* Exercise prompt: Word for word, write the lines below out again, with no pictures.
START Entries provided
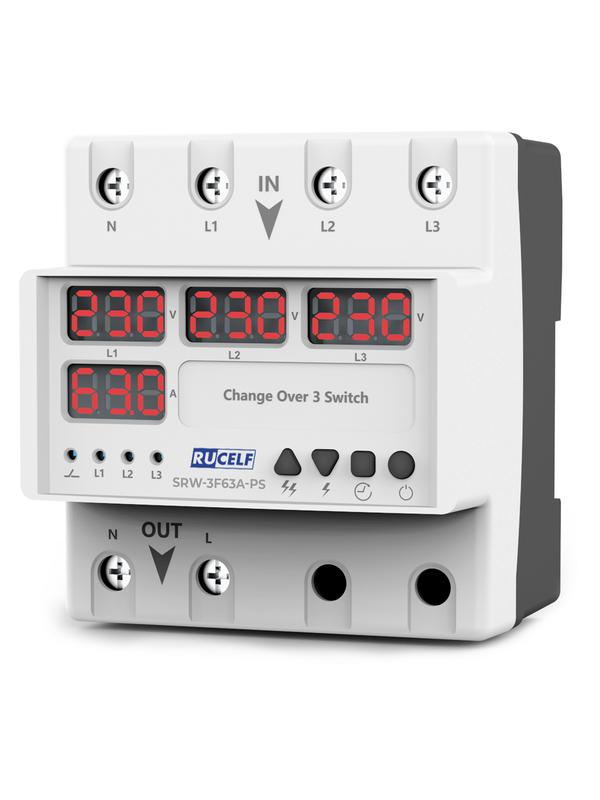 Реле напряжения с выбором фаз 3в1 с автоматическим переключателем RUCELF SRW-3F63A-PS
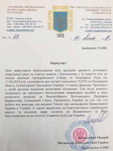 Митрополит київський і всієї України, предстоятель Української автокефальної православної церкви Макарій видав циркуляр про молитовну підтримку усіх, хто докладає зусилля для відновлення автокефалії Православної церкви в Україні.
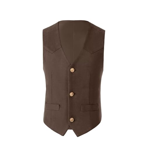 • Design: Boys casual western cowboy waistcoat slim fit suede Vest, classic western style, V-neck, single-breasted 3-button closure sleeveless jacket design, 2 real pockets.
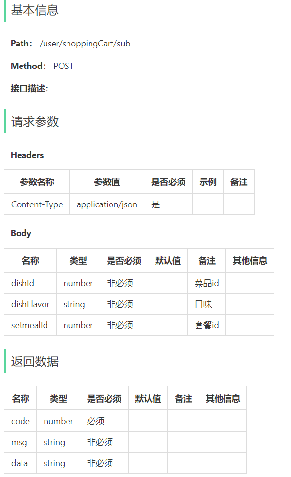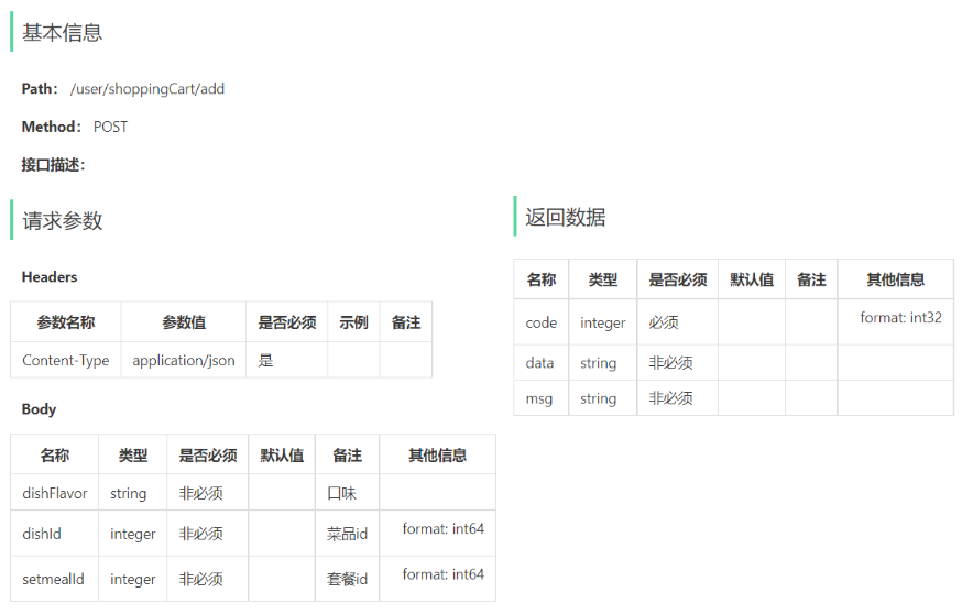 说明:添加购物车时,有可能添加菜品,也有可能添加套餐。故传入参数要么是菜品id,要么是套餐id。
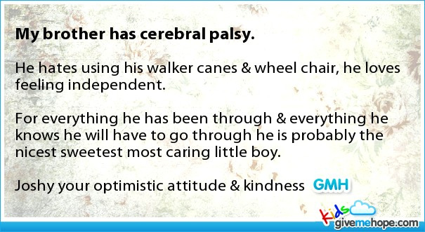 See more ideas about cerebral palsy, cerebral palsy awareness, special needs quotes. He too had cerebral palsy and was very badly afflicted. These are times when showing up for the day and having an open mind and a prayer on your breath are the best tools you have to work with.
END Entries provided
* Answer space:
 Реле напряжения с выбором фаз 3в1 с автоматическим переключателем RUCELF SRW-3F63A-PS
 Митрополит київський і всієї України, предстоятель Української автокефальної православної церкви Макарій видав циркуляр про молитовну підтримку усіх, хто докладає зусилля для відновлення автокефалії Православної церкви в Україні.
 • Design: Boys casual western cowboy waistcoat slim fit suede Vest, classic western style, V-neck, single-breasted 3-button closure sleeveless jacket design, 2 real pockets.
 说明:添加购物车时,有可能添加菜品,也有可能添加套餐。故传入参数要么是菜品id,要么是套餐id。
 See more ideas about cerebral palsy, cerebral palsy awareness, special needs quotes. He too had cerebral palsy and was very badly afflicted. These are times when showing up for the day and having an open mind and a prayer on your breath are the best tools you have to work with.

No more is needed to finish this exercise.